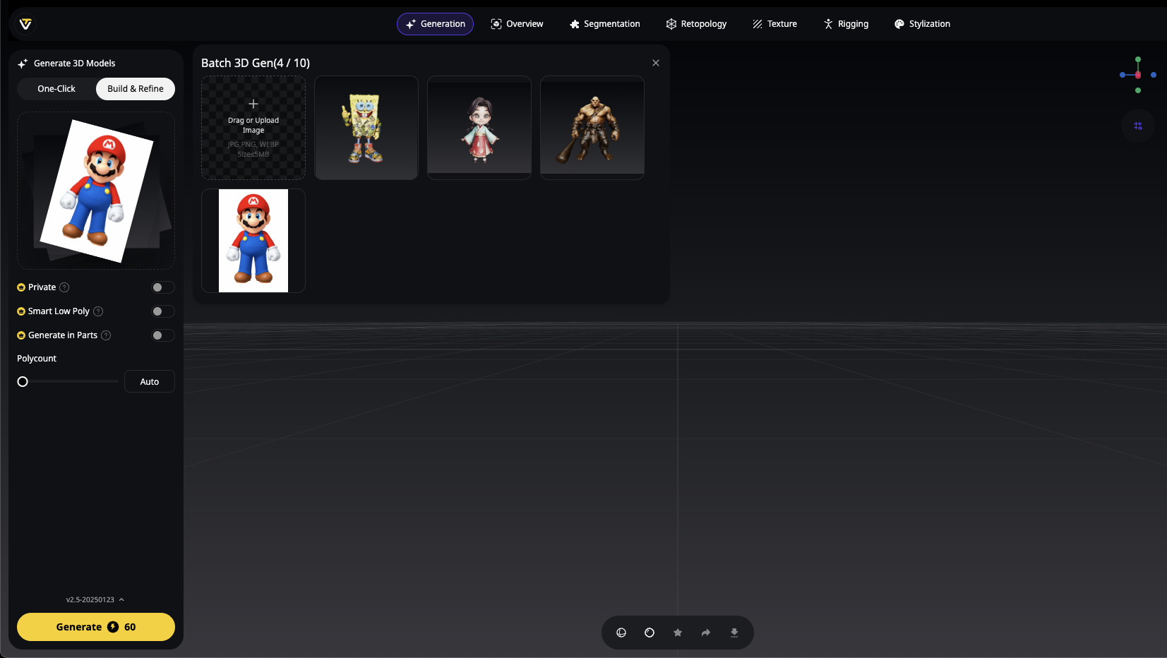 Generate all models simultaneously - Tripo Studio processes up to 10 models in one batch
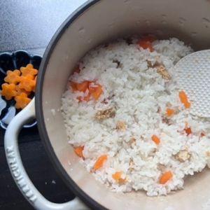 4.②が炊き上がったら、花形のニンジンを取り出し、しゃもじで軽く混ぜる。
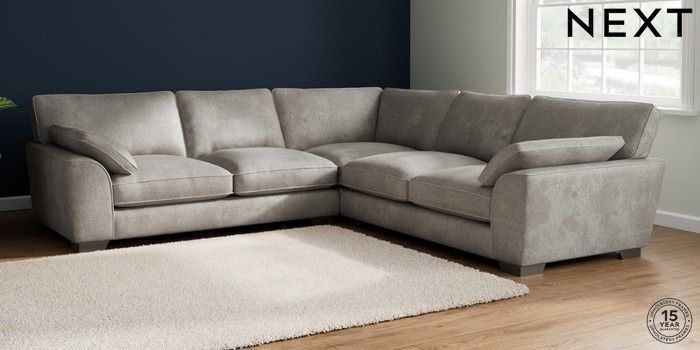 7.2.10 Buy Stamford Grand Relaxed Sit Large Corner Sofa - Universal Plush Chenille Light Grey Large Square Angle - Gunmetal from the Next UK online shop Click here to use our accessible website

● **EXERCISE REQUIREMENTS**:
Write out the data above exactly, minus any images.

● **OUTPUT FOR THIS EXERCISE**:
 Generate all models simultaneously - Tripo Studio processes up to 10 models in one batch
 4.②が炊き上がったら、花形のニンジンを取り出し、しゃもじで軽く混ぜる。
 7.2.10 Buy Stamford Grand Relaxed Sit Large Corner Sofa - Universal Plush Chenille Light Grey Large Square Angle - Gunmetal from the Next UK online shop Click here to use our accessible website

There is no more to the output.